Notwithstanding the foregoing, it is expressly agreed and understood by the parties hereto (i) that the foregoing indemnification is not intended to, and shall not, constitute a guarantee of the collectibility or payment of the Transferred Receivables and (ii) that nothing in this Section 8.01 shall require the Seller to indemnify any Person (A) for Receivables which are not collected, not paid or uncollectible on account of the insolvency, bankruptcy, lack of creditworthiness or financial inability or unwillingness to pay of the applicable Obligor, (B) for damages, losses, claims or liabilities or related costs or expenses to the extent found in a final non-appealable judgment of a court of competent jurisdiction to have resulted from an Indemnified Party’s gross negligence or willful misconduct, or (C) for any income taxes or franchise taxes incurred by such Person arising out of or as a result of this Agreement or in respect of any Transferred Receivable or any Contract.
ARTICLE IX.
MISCELLANEOUS
SECTION 9.01 Amendments, Etc. No amendment or waiver of any provision of this Agreement or consent to any departure by the Seller therefrom shall be effective unless in a writing signed by the Purchaser and the Agent and, in the case of any amendment, also signed by the Seller, and then such amendment, waiver or consent shall be effective only in the specific instance and for the specific purpose for which given. No failure on the part of the Purchaser to exercise, and no delay in exercising, any right hereunder shall operate as a waiver thereof; nor shall any single or partial exercise of any right hereunder preclude any other or further exercise thereof or the exercise of any other right. Notwithstanding any other provision of this Section 9.01, Exhibit B hereto may be amended in accordance with the procedures set forth in Section 5.01(b).

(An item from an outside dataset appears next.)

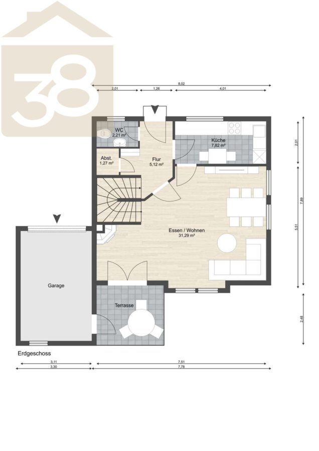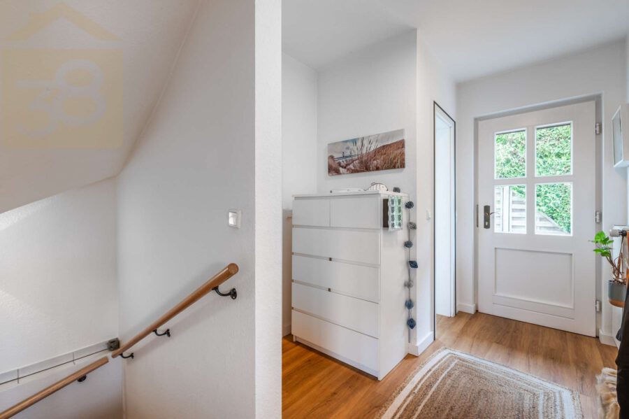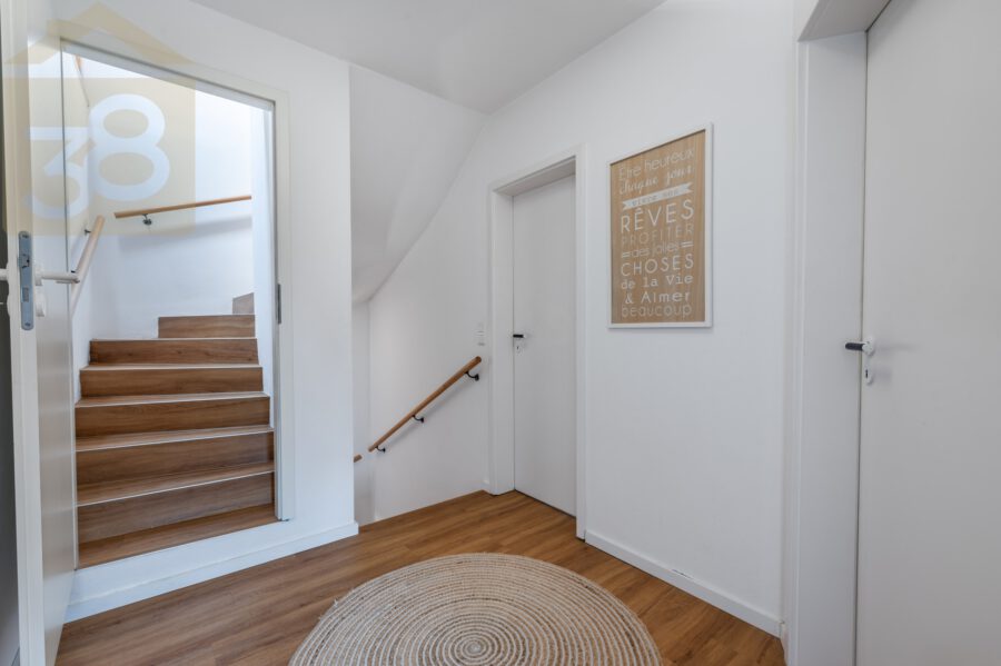 Bereits beim Betreten des Hauses gelangen Sie in einen einladenden Flur im Erdgeschoss, von dem aus alle Räume bequem erreichbar sind. Hier befinden sich ein Gäste-WC sowie ein praktischer Abstellraum, der zusätzlichen Stauraum bietet. Die Küche ist mit einer hochwertigen Einbauküche inklusive Markengeräten ausgestattet und ermöglicht komfortables Kochen im Alltag. Herzstück des Erdgeschosses ist der großzügige Wohn- und Essbereich, der durch seine Helligkeit und Offenheit besticht. Ein Kaminofen sorgt hier zusätzlich für eine behagliche Atmosphäre. Von diesem Bereich aus haben Sie direkten Zugang zur Terrasse, die zu entspannten Stunden im Freien einlädt. Über die Terrasse gelangen Sie ebenfalls direkt in die Garage, was kurze und komfortable Wege ermöglicht. In der Garage befindet sich zudem eine installierte Wallbox, die das bequeme Laden eines Elektrofahrzeugs direkt am Haus ermöglicht.

SECTION 9.02 Notices, Etc. All notices and other communications hereunder shall, unless otherwise stated herein, be in writing (which shall include facsimile communication) and be faxed or delivered, to each party hereto, at its address set forth under its name on the signature pages hereof or at such other address as shall be designated by such party in a written notice to the other parties hereto. Notices and communications by facsimile shall be effective when sent (and shall be followed by hard copy sent by regular mail), and notices and communications sent by other means shall be effective when received.
SECTION 9.03 Binding Effect; Assignability. (a) This Agreement shall be binding upon and inure to the benefit of the Seller, the Purchaser and their respective successors and assigns; provided, however, that the Seller may not assign its rights or obligations hereunder or any interest herein without the prior written consent of the Purchaser and Agent. In connection with any sale or assignment by the Purchaser of all or a portion of the Transferred Receivables, the buyer or assignee, as the case may be, shall, to the extent of its purchase or assignment, have all rights of the Purchaser under this Agreement (as if such buyer or assignee, as the case may be, were the Purchaser hereunder) except to the extent specifically provided in the agreement between the Purchaser and such buyer or assignee, as the case may be.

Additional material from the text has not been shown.